CPA Now Blog

Pa. CPA Speaks to IRS on Circular 230 Revisions

The IRS is proposing alterations to Circular 230, the rules that govern those who practice before the IRS, including CPAs, attorneys, and enrolled agents. PICPA and AICPA member Ed Jenkins presented testimony before the IRS recently to share some concerns.

Mar 24, 2025, 04:18 AM

Edward R. Jenkins Jr., CPABy Edward R. Jenkins Jr., CPA, CGMA


The IRS is proposing alterations to Circular 230, the rules that govern those who practice before the IRS, including CPAs, attorneys, and enrolled agents. The rules in Circular 230 are codified as Title 31 of the Code of Federal Regulations. As a member of the AICPA’s Tax Practice Responsibilities Committee, I was asked to provide AICPA’s position on the proposed alterations to Circular 230 at a public hearing in Washington, DC, on March 6.

In short, my presentation of AICPA’s comments focused on rules governing authority to practice, duties and restrictions relating to practice before the IRS, and contingency fees. The PICPA, too, provided comments on the proposed changes to the guidance. They were presented in a comment letter sent in late February.

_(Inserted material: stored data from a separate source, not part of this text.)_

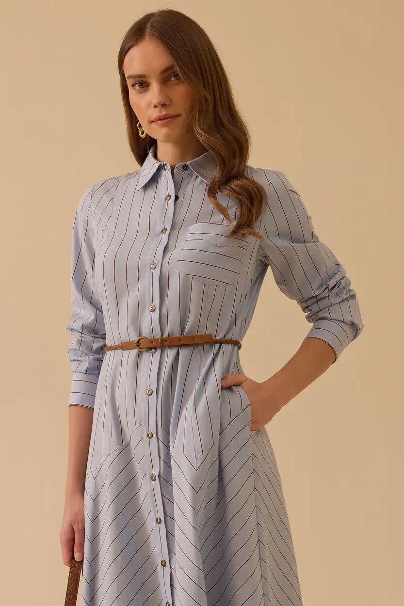 Modern çizgilerin klasik gömlek yaka tasarımıyla buluştuğu bu mavi elbise, hem şehir hayatında hem de günlük kullanımda zahmetsiz bir zarafet sunar. %100 Pamuk dokusuyla nefes alan bir konfor sağlarken, belindeki kemer detayı silüetinizi zarifçe vurgulayarak feminen bir duruş sergiler.
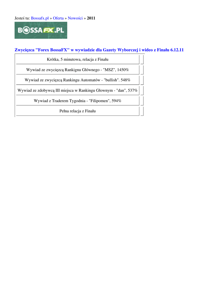 Jesteś tu: Bossafx.pl » Oferta » Nowości » 2011 Zwycięzca "Forex BossaFX" w wywiadzie dla Gazety Wyborczej i wideo z Finału 6.12.11 Krótka, 5 minutowa, relacja z Finału Wywiad ze zwycięzcą Rankignu Głównego - "MSZ", 1450% Wywiad ze zwycięzcą Rankingu Automatów - "bullish". 548% Wywiad ze zdobywcą III miejsca w Rankingu Głownym - "dan", 537% Wywiad z Traderem Tygodnia - "Filipomen", 594% Pełna relacja z Finału
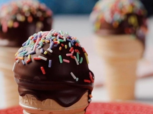 - Mergulhe a borda da casquinha de sorvete no chocolate derretido. Isso irá servir de cola para a massa o bolo não cair;
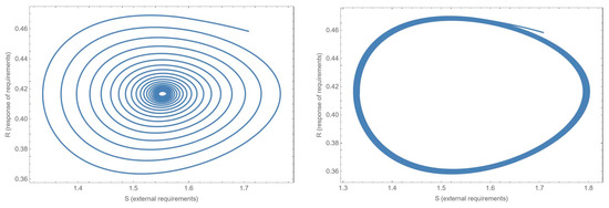 The orbits in the phase plane (S, R) for τ = 1.2 (left) and τ = 1.39 (right). A supercritical Hopf bifurcation takes place.
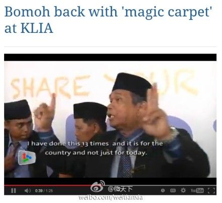 马来巫师带“魔毯”欲第二次做法。马来西亚星报报道,当地著名巫师易卜拉欣昨天再次来到吉隆坡国际机场作法。这次他带来了两个椰子、一张“魔毯”、一根“魔法”拐杖等。易卜拉欣强调称本次作法是出于自我意愿,并称目的是驱散恶灵,如果飞机确实坠毁了,能帮助救援人员找到客机。
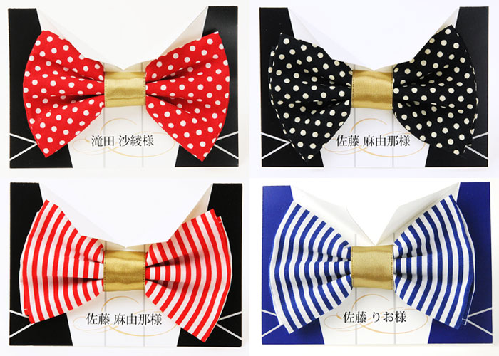 この蝶ネクタイ部分はとりはずしてハンカチとして使えるようになっています。ハンカチのデザインは4種類から選べます。

Rules Governing Authority to Practice

Ed Jenkins (left) providing testimony before an IRS panel (right).Regarding the rules governing authority to practice, the AICPA thinks that it is vital that the terms being used in the proposed changes be crystal clear, particularly surrounding the use of the term “representative.” The AICPA recommends that the IRS distinguish between the terms “representative” and “practitioner.” The current and proposed versions of Circular 230 use the term “practitioner” throughout, but the correct term should be “representative” under the authorizing statute.

The term “representative” is traditionally and commonly defined as an agent with authority to bind others, a description that does not fit tax-return preparers. Put simply, tax-return preparers are not representatives.

Duties and Restrictions Relating to Practice Before the IRS

There is a section in the proposal that addresses the responsibility of tax advisers to provide “best practices” for client representation, as identified in Section 10.33. The AICPA recommends that this proposal be re-evaluated or removed. In essence, Section 10.33 is regarded as aspirational, and not within the scope of Circular 230.

In particular, the proposed provision to determine mental fitness to represent others before the IRS is beyond the pale. Tax practitioners are not qualified to determine mental fitness -- of their colleagues or themselves. The general goal of providing quality client advice and representation is sufficient to address issues of impairment.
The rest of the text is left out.